「客観事実」と「自分の声」はセットで記す
さて、道中メモに書くことは、旅の行程やイベントなど、身の回りに起きたことだけではありません。家に帰ってやることや帰りに買っておくもの、家族に話したくなったこと、思い出した昔の話など、旅に関係のないアイデアなど、思いついたことは何でも書いておきます。内容に着目してみると、道中メモは大きく分けて以下の2種類になります。
・「客観事実」を記録しておくためのメモ
・「自分の声」を記録しておくためのメモ
「客観事実の記録としてのメモ」は、行程や食べたものなど、正確な情報を残しておくためのものです。たとえば、「○時△分に金沢駅に到着」とか、「昼ごはんはシラス丼を食べた」とか、「ガイドさんがあの名画についてこんなエピソードを紹介していた」とかいった単純な情報のことです。
これに対して、「自分の声」とは何かというと、自分の感じたことや考えたこと、思い浮かんだことなど、「自分自身に取材したこと」です。「駅に着いたが、おなかが減って歩き回る気がしない」「シラス丼はさっぱりして腹持ちもいい」「ガイドさんの説は本当だろうか?」といったことです。
観光地や街歩きなど、「資料」がたくさん手に入る場合、訪れた場所の詳細などは資料を見ればわかるので、「客観事実」は、かなり省くことができます。反対に、山歩きなど「資料」が少ない旅では、「○時△分、五つ辻から川沿いの道を下っている」などと、自分でちゃんと記録を残しておかないと、行程を振り返ることができません。
この2種類の記録は、別々の紙に書くのではなく、セットで記録しておくといいでしょう。僕は次のように、行頭の記号で書き分けています。
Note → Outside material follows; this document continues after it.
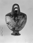 | Description: | Mended from many pieces; wall fragments and handles restored. A) On the shoulder, tongues above ovules. Two women, one moving left, the other right. They carry chests with long taeniae and both look back toward a small Eros who flies between them, right. B) On the shoulder, tongues. Two Nikai, flying left and right. No relief contour. Added white for face and arms of Eros; an added color, now vanished, for his wings, and added clay for the wing-ribs. For the shape at this stage of development, cf. the example by the Marsyas painter: ARV, p. 1475, no. 1, and cf. Schefold (1934), pl. 15, no. 277 with the Marsyas painter piece there, pls. 33, 34. (LT) | |
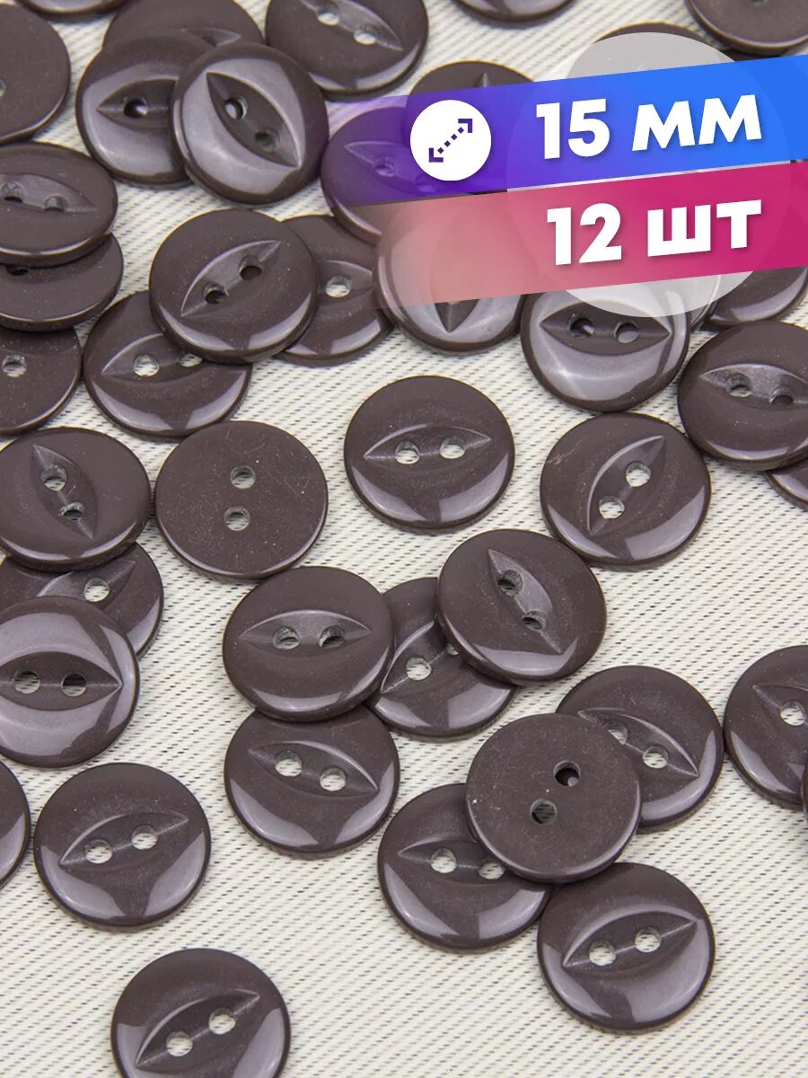 10 цен на Декоративные пуговицы из пластика, 12шт, темно-коричневые, диаметр 15мм, 1 упаковка

○バス待合所で休憩していると、通りがかったおばさんがみかんをくれた
☆さすが四国、旅人にやさしいなあ
○印が「客観事実」、☆印が「自分の声」です。こうしておくと、あとで行程だけを振り返りたいときには「○」だけをチェックしていけばいいことになります。書くときにも、読むときにも、わかりやすくて便利な方法です。